ProductBench: LLM Benchmark for Product Knowledge

ProductBench is a benchmark designed to evaluate the product knowledge of Large Language Models (LLMs). It consists of two main tasks:

Label Augmentation: The LLM is given a condensed or ambiguous product label and must output a clear, human-readable label.
Product Re-ranking: The LLM is given a search query and a list of potential product matches, and it must re-rank the products from most to least relevant.

The project also includes a web-based UI with a leaderboard to visualize the results and a price-to-performance graph.

Methodology

The goal of this benchmark is to estimate which model would be the most relevant for a product RAG system like a recommendation system, and measure both domain specific language as well as the ability to understand noisy labels (corrupted text, with brands...).

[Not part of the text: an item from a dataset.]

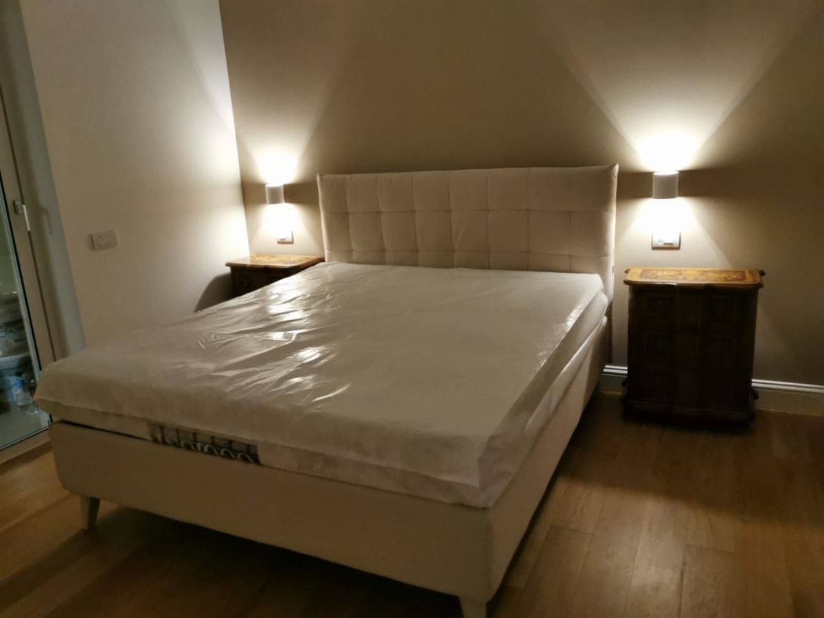 La camera da letto è semplice e accogliente, quella per gli ospiti con parete attrezzata su misura color verde con armadio in legno è minimale e funzionale ai diversi usi.

The models currently evaluated are mostly non-thinking ones because they are the one where the latency is the smallest.

Qwen 3 model have been tested in a previous iterations of the benchmark but has a weird behaviour (unreliable to benchmark), they have therefore been discarded for the time being and will certainly be reintroduced when the quirks have been solved (like the need of the /nothink mention).

The exception to the non thinking model category is gemini flash 3 which is the judge model (clearly specified in the leaderboard).

This benchmark is fully reproducible suign the "benchmark runner" script.

Limitation

This benchmark being open source on github, it it possible that that the benchmark will be added in future LLM training datasets, which they could overfit onto. Model released before the 4th of January 2026 should be contamination free.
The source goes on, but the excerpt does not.